*Task objective*
Reproduce the line containing "set áo váy Nữ" in the listing below, then every later line up to the end, precisely as written.

*Dataset excerpt*
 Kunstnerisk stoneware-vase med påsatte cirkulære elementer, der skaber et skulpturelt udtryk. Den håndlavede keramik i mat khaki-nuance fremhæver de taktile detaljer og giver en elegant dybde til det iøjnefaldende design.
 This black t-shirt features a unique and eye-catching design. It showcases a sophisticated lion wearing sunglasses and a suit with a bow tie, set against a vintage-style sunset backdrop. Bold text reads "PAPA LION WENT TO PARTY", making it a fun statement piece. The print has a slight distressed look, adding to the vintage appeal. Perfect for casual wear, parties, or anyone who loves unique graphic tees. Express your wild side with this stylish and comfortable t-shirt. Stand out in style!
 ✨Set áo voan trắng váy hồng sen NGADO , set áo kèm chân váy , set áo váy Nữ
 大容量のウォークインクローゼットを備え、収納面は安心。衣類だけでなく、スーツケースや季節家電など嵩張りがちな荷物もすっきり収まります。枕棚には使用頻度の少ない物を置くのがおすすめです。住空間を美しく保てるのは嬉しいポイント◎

*Answer to this problem*
 ✨Set áo voan trắng váy hồng sen NGADO , set áo kèm chân váy , set áo váy Nữ
 大容量のウォークインクローゼットを備え、収納面は安心。衣類だけでなく、スーツケースや季節家電など嵩張りがちな荷物もすっきり収まります。枕棚には使用頻度の少ない物を置くのがおすすめです。住空間を美しく保てるのは嬉しいポイント◎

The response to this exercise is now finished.